Huntsville starter Derek Miller (0-1) was roughed up for four runs on five hits in three innings. The left-hander, who tossed 13 scoreless innings to close the regular season, struck out three and walked two.

The Stars nearly scored in the second when Steven Sollmann was nailed at home by Perez with two outs. Sollmann and Mat Gamel lined consecutive singles before Moss singled to center, only to watch Perez throw a strike to the plate to Jaso, who made the tag to keep the shutout intact.

"I tried to get in, should have thrown another slider, instead I got it up and in," Mason said of the third single of the inning. "Fernando got it home, it was a close play. He was out, he came up yelling, but he was out. It was a big play, I got really lucky again."

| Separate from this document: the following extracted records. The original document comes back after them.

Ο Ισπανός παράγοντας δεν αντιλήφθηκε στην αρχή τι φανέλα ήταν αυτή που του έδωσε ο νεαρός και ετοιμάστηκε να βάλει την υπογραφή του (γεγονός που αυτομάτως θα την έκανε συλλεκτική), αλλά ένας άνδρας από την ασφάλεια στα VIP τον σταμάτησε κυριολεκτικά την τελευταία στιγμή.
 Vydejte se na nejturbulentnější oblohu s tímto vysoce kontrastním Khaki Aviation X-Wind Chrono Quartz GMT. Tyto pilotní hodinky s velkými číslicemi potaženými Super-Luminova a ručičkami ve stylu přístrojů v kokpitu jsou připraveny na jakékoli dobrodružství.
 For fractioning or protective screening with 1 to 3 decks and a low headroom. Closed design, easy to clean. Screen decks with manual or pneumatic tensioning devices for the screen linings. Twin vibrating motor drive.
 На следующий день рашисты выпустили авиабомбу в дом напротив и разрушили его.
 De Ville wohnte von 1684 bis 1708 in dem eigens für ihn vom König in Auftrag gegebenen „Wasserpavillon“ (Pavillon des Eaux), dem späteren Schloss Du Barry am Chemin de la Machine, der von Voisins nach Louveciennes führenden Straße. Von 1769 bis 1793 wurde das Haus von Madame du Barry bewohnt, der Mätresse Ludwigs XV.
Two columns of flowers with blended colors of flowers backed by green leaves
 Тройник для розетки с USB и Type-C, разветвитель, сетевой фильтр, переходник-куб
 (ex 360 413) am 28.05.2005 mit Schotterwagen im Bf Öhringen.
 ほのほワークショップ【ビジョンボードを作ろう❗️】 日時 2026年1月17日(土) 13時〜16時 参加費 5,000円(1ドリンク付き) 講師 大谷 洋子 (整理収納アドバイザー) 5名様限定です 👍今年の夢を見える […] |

Gamel, Katin and Hernan Iribarren each had two hits, but Adam Heether hit into double plays in the first and third as the Stars left eight men on base.

"I was in trouble every time he was up," Mason said of Heether. "I threw him some sliders, fastballs away and got the double play twice."

Montgomery's Mike Prochaska (7-7, 3.89) will look to clinch the series in Game 4, while Huntsville's Lindsay Gulin (12-6, 3.29) will look to keep the Stars' season alive.

"We need to keep doing it, do it again tomorrow and be Southern League champs," Mason said. "It's very exciting. I've been on a couple championship teams, but I've never won the big game. It's really fun, its just so much fun. Your intensity is up, you've come and played 145 games, you're giving it everything you got, and it's just really fun."

Danny Wild is a contributor to MLB.com.